Итак, концепция послевоенного мироустройства от «идеалиста» Рузвельта оказалась «несостоятельной», по мнению «хозяев денег», а возможность превращения Советского Союза в «господствующую силу в Центральной Европе» –недопустимой ни в коем случае. Поэтому, судя по всему, президент Америки был обречён – «мавр сделал своё дело…»
Смерть «миротворца»
Внезапная кончина 32-го президента Америки, Франклина Делано Рузвельта, случившаяся 12 апреля 1945 года, многих повергла в шок. Для Сталина эта скорбная весть стала ощутимым ударом, он понимал, что «странная» смерть Рузвельта буквально накануне победы над Германским фашизмом принесёт проблемы для Советского Союза. Подтверждением этого стали строки из телеграммы Гарри Гопкинса Иосифу Виссарионовичу: «Я хочу, чтобы Вы знали: я чувствую, что Россия потеряла своего величайшего друга в Америке». Вождь изначально сомневался в том, что смерть президента США была случайной и естественной (якобы от кровоизлияния в мозг), что Рузвельту не помогли покинуть этот бренный мир. Поэтому послу США в СССР А. Гарриману в беседе со Сталиным в Кремле 13 апреля 1945 года пришлось согласиться с тем, что смерть Рузвельта «наступила внезапно». «Маршал, по словам Гарримана, был ‘’глубоко потрясён и очень опечален, таким я его ещё никогда не видел‘’. Сталин начал расспрашивать об обстоятельствах смерти Рузвельта. Он хотел удостовериться, что Рузвельт не был отравлен». (С. Батлер) (И это была вовсе не приписываемая вождю «паранойя», ведь тело президента не вскрывали, а похоронили спешно и в закрытом гробу, а к могиле приставили охрану, на случай если кто-то захочет произвести эксгумацию. Вскоре распространились слухи, что президента застрелили. В 1948 году вышла в свет книга Э. Джеферсона “Странная смерть Франклина Д. Рузвельта”, в которой были сообщены сенсационные подробности смерти президента: он был убит выстрелом в затылок разрывной пулей, обезобразившей лицо.)

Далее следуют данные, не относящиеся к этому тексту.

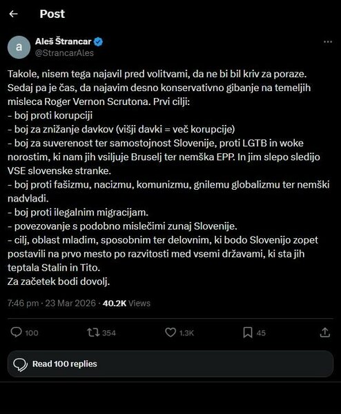 Tole je začelo krožit po Goriški. Nisem še preveril, ali je verodostojno ali je kak "deep-fake", ampak zadeva zna biti zanimiva. Nekaj točk mi je precej blizu: boj proti LGTB in woke norostim, boj proti ilegalnim migracijam, boj proti korupciji, boj za znižanje davkov (višji davki = več korupcije), ...
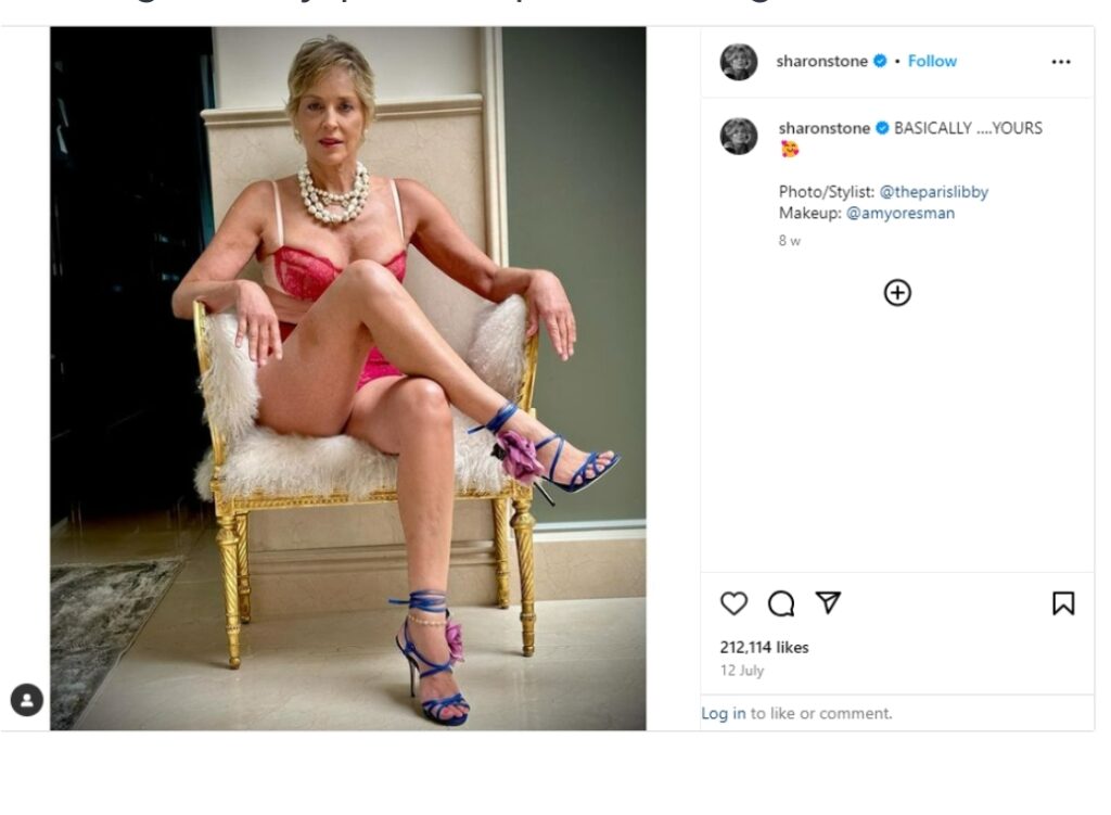 The legendary Sharon Stone reenacted a moment from the classic film “Basic Instinct” and posed while wearing only her undergarments.Sharon Stone, 66 years old, posted an Instagram photo of herself in red lace underwear—32 years after her iconic role as the alluring Catherine Tramell.She jotted down “Raw… yours” in the photo’s caption, which went viral in 12 hours, garnering over 131,000 likes. On this occasion, Michael Douglas was absent from the legendary police questioning scene.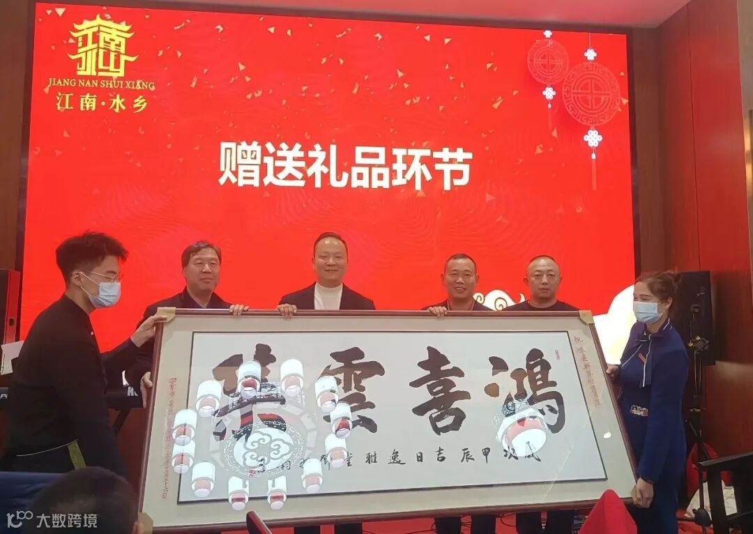 ▲送上开业字画,祝贺江南水乡开业大吉、生意兴隆、财源广进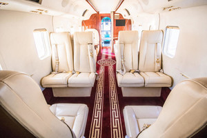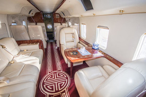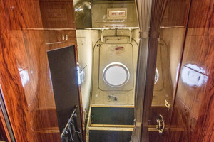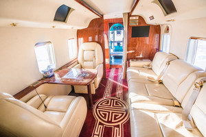 All seats in Cream leather with Gold plate accessories. High gloss wood veneer cabinetry.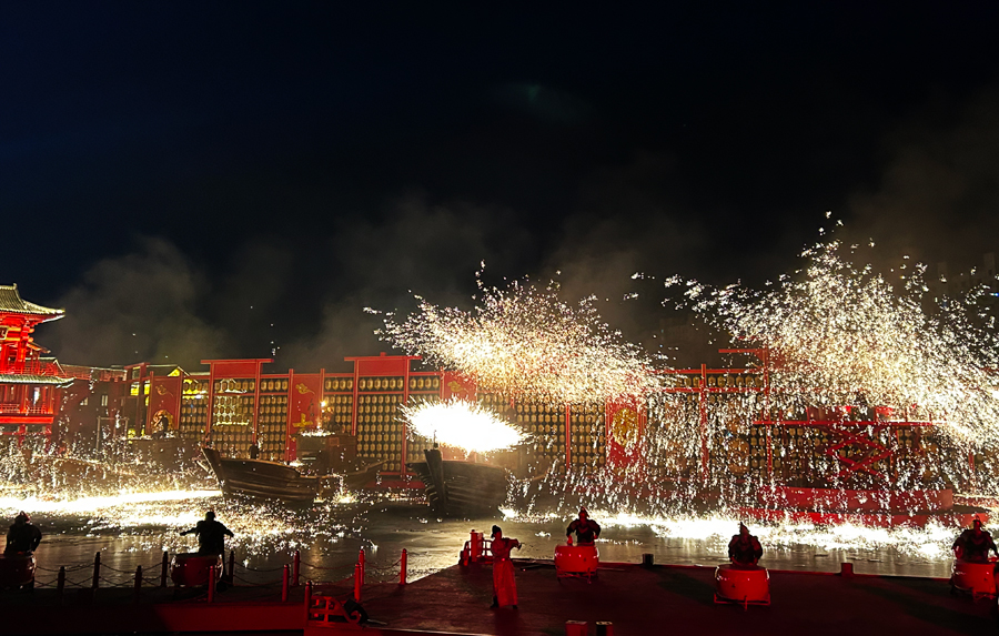 更惊艳的是"凤凰飞天"。唐装舞者被威亚吊起,乘着巨大凤翼凌空起舞,撒下的花瓣在灯光下泛着晶莹光泽。岸上游客纷纷举起手机,却又屏息凝神,生怕惊扰这场穿越千年的瑰丽梦境。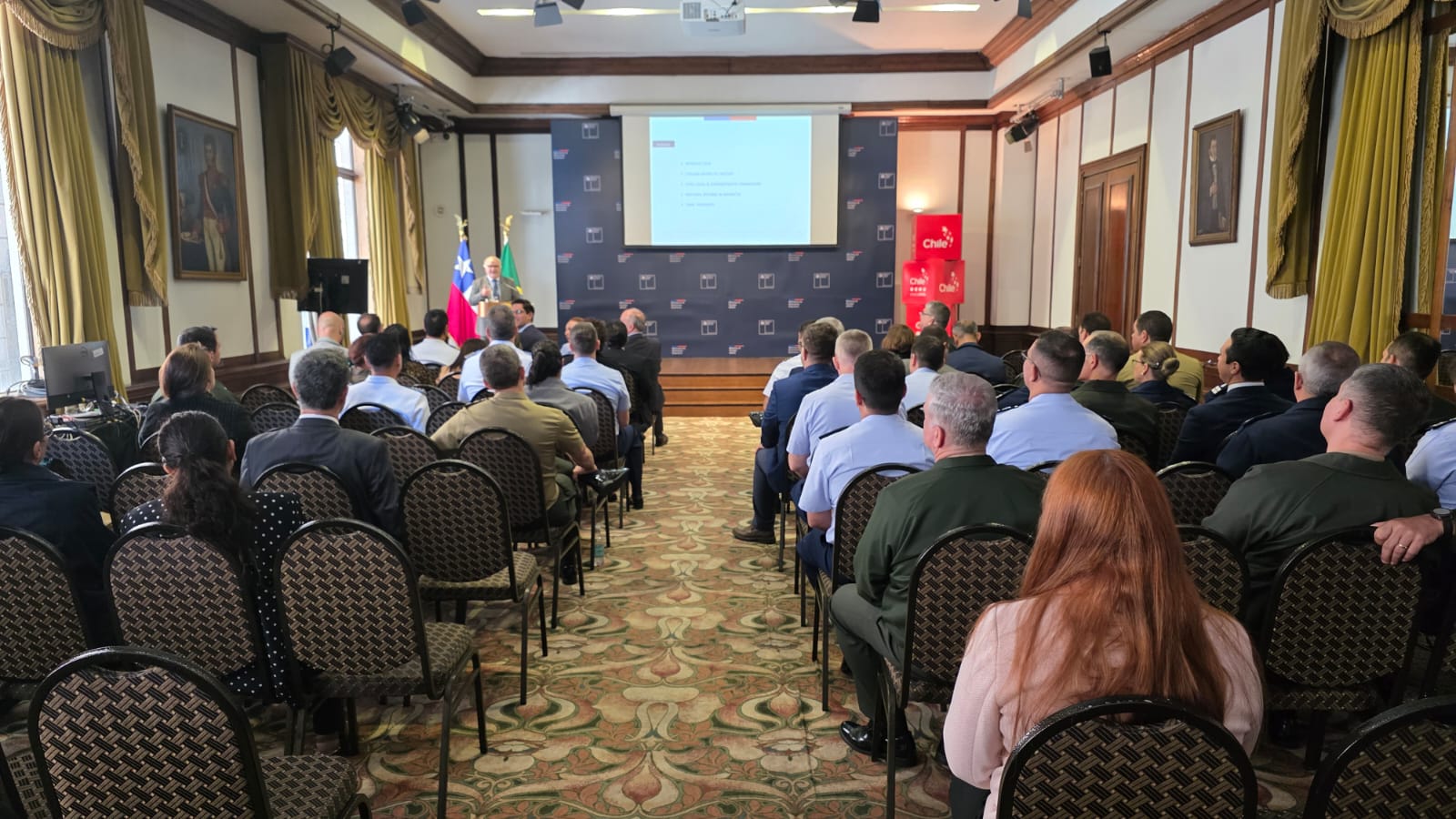 Durante o encontro, o Primeiro-Secretário Juan Enrique Loyer, Chefe da Divisão de Assuntos Antárticos, apresentou o tema “Governança Nacional Antártica do Chile”, e o Cel. Ret. Rafael Castilho, da Subsecretaria de Defesa, abordou “O Papel da Defesa na Gestão Antártica Nacional”.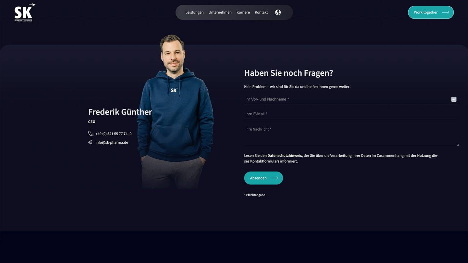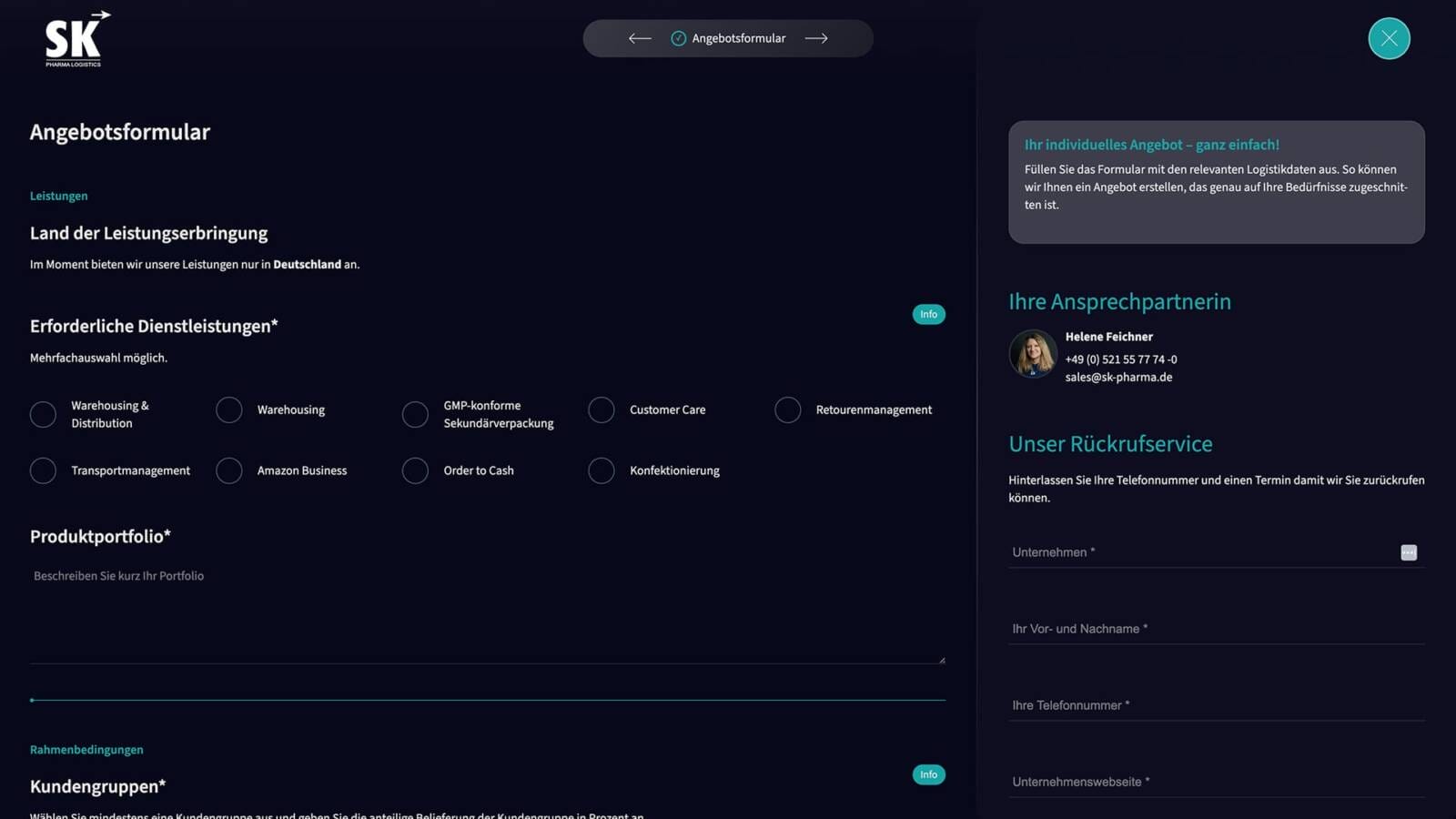 Die Website macht es leicht, Kontakt aufzunehmen. Wer direkt loslegen will, kommt in wenigen Klicks zu einem individuellen Angebot. Wer sich erst informieren möchte, bekommt einen echten Einblick in die Prozesse und Services im Bereich Healthcare Logistics.

Кто стоял за устранением Рузвельта, почему это произошло, и действительно ли он так мешал «творцам катаклизмов», мы и постараемся разобраться (несмотря на то, что по этому поводу уже много чего сказано и написано). Но вначале рассмотрим обстоятельства, предшествовавшие печальной развязке.
Вернёмся к Ялтинской конференции 1945 года. Кроме того, что Рузвельт подыгрывал Сталину, что злило оказавшегося в роли «младшего партнёра» антигитлеровской коалиции британского премьера Черчилля, боявшегося, что русским «позволят стать слишком сильными», сэр Уинстон очень ревностно относился к встречам лидеров США и России наедине. И не зря. Ведь они обсуждали между собой весьма щекотливые вопросы, к примеру, «еврейский». А надо отметить, что Черчилль имел определённые обязательства перед лидером мирового сионизма Хаимом Вейцманом (будущим первым президентом Израиля) и договорённости с могущественным Б. Барухом (представителем тех, кого называют «властью за троном»). Под конец конференции произошёл один любопытный эпизод. О нём в книге «Спор о Сионе» английский журналист Д. Рид написал следующее: «Во время последнего разговора "с глазу на глаз" между Рузвельтом и Сталиным накануне отъезда президента, собиравшегося встретиться с королём Ибн-Саудом, Сталин заметил, что "еврейский вопрос был очень трудным; они (русские) также хотели создать еврейский национальный очаг в Биробиджане, но из этого ничего не вышло: евреи оставались там два-три года, а затем разбегались по городам". Тогда Рузвельт, в манере члена аристократического клуба, уверенного, что его хозяин также состоит в нём, "сказал, что он – сионист, спросив, является ли им маршал Сталин?" (…) Сталин ответил, "в принципе, да", но тут же добавил, что "от него не укрывается трудность вопроса". (…) В тот же последний день официальных совещаний конференции Сталин спросил Рузвельта, какие уступки он собирается сделать королю Ибн-Сауду, на что президент ответил, что "он мог бы предложить ему только одну уступку, а именно отправить к нему (Ибн-Сауду) шесть миллионов американских евреев"». И ещё одна важная цитата из Д. Рида: «После Ялты Рузвельт встретился с Ибн-Саудом, но не стал предъявлять ему жёсткий ультиматум в палестинском вопросе. Вместо этого он неожиданно вышел из роли, которую играл в течение многих лет, и заговорил как настоящий государственный деятель; после этого он быстро скончался». (Иными словами, получается, что Рузвельт в сговоре со Сталиным повёл собственную игру, «сорвавшись с крючка» космополитов, которые осуществляли «многоходовку», в том числе с использованием приверженцев политического сионизма. Похоже, что этот его демарш стал одной из «последних капель в чаше терпения» истинных архитекторов Нового мирового порядка.)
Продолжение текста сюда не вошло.